Олег Лукошин. Владелец тревожности (роман).
Страница 20. <предыдущая> <следующая>
ОТ СЕБЯ.
Было сумрачно.
Сумрак захватит когда-нибудь всю безбрежность. От границ разумного до безграничья безумия распространится его сущность. Нетленные мили отсутствия – пустоты и беззвучия – заполняет собой коридоры Вселенной; кое-где, в недостижимой отдалённости ирреального, сумрак властвует уже. Отчего-то принято разграничивать понятия надвое: добро и зло, свет и тьма... Дихотомии неверны, то величайшее заблуждение. Нет ни добра, ни зла, ни света, ни тьмы, есть лишь сумрак. Заблуждения сознания понятны: оно создано из зеркальной причинности, раздвоенность – его болезнь. Оно видит сумрак в моменты собственного помутнения – и называет это тьмой, оно видит сумрак в краткие мгновения прояснения – и называет это светом. Пусть тьма, кажется ему, пусть уныние и страх, но они не бесконечны, их сменит свет. Их сменит радость и счастье, их сменит белизна. Увы, слагаемые в череде иные: сумрак сменяет сумрак, обман приходит на смену обману. Рождаются эмоции, является ложь. Её можно черпать отовсюду, горстями: из окружающего, из себя. Она горяча, пениста и густа – хоть и норовит убежать сквозь пальцы, но удержать можно. Единственная правда, что извлекается из естества, застывшего вокруг, – это сумрак. Это свинцовая блеклость, дрожащая нечёткость, теряющая цвет и очертания расплывчатость, в которую взираешь, болезненно прищурив глаза – иначе совсем туманной видится она. Сумрак равнодушен, но игрив – он пытается казаться тьмой, он пытается предстать светом, порой на добро и зло распространяются его претензии притворщика. Хоть в плоскости правит другая ипостась обмана – аморфность – она позволяет ему иногда являться в этих обличиях. Свиваясь в безрассудном коварстве, они являют людям зло, потрясающее своей бессердечностью и ужасом, они преподносят добро, сокрушающее своим благочестием и праведностью – люди выбирают крайности, выбирают противостояние. Сумрак только тем и живёт – взаимной злобой.
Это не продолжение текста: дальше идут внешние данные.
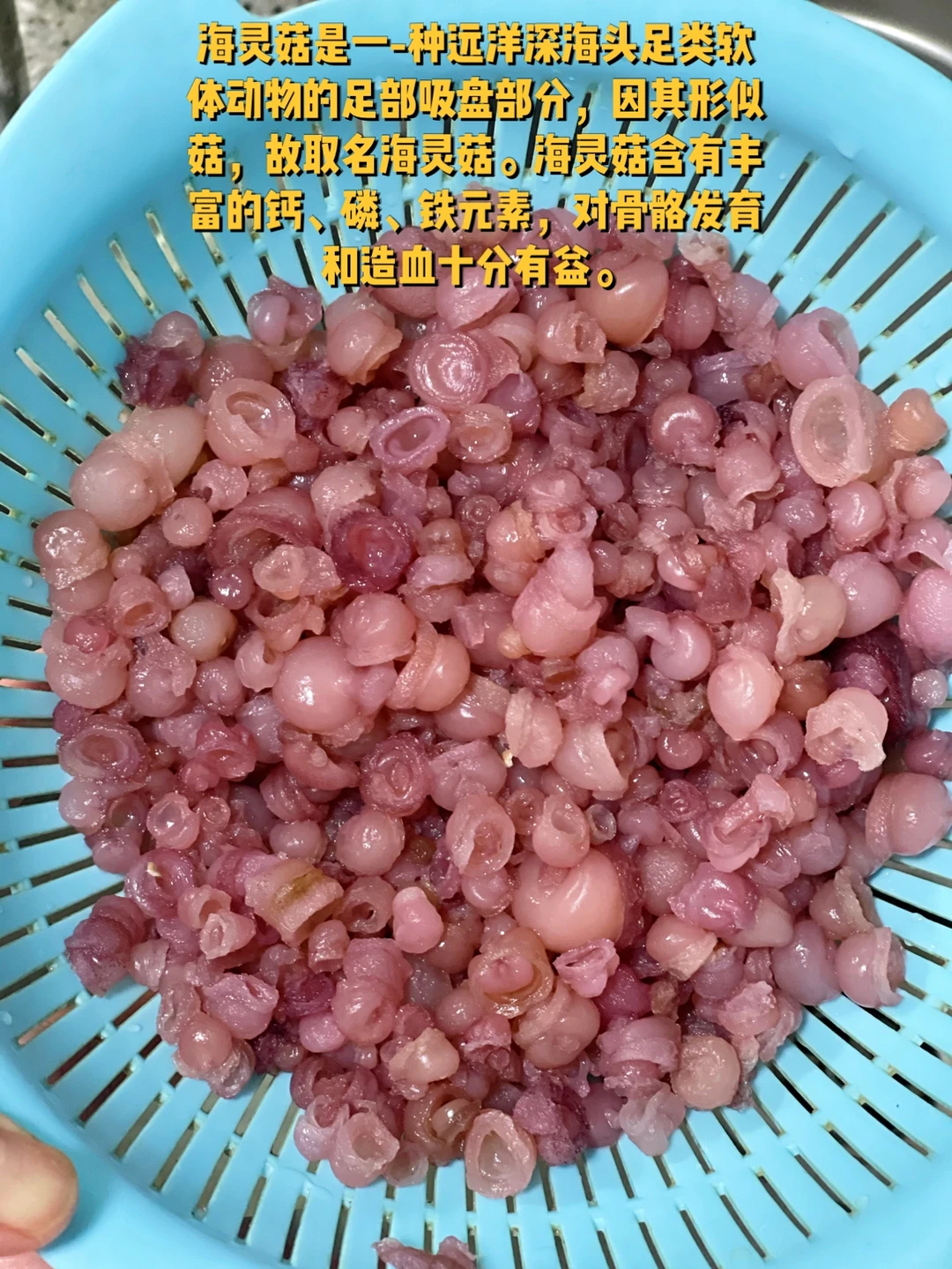 1. 海灵菇是一-种远洋深海头足类软体动物的足部吸盘部分,因其形似菇,故取名海灵菇。海灵菇含有丰富的钙、磷、铁元素,对骨骼发育和造血十分有益。

"Умейте любить!" – говорят людям самые отчаянные и несдержанные – "Но и учитесь ненавидеть!"
"Любовь и Ненависть!" – вторят им другие, не менее яростные – "Вот две сущности жизни, вот два полюса. Надо укротить их и направлять в должные русла: одним – Любовь, другим – Ненависть!"
"Я выбираю Любовь!" – поднимают ручонки дети сумрака, "Любовь чиста и крылата, лишь Любовь хотим дарить мы друг другу!"
Сумрак доволен, сумрак хихикает – эти в его сетях.
"Не забывайте про Ненависть..." – нашёптывает он чадам любви! " Любовь – близким, Ненависть – врагам..."
"Да, да, врагам – Ненависть!" – сжимают они кулачки – "Ненависть врагам!!!"
Сумрак хохочет – они все в его лоне, все в его конфессии, они все исповедуют его заповеди. Любовь – Любимым, Ненависть – Ненавистным! Выбирай Любовь, выбирай Добро – уголька в топку Ненависти мы подкинем сами...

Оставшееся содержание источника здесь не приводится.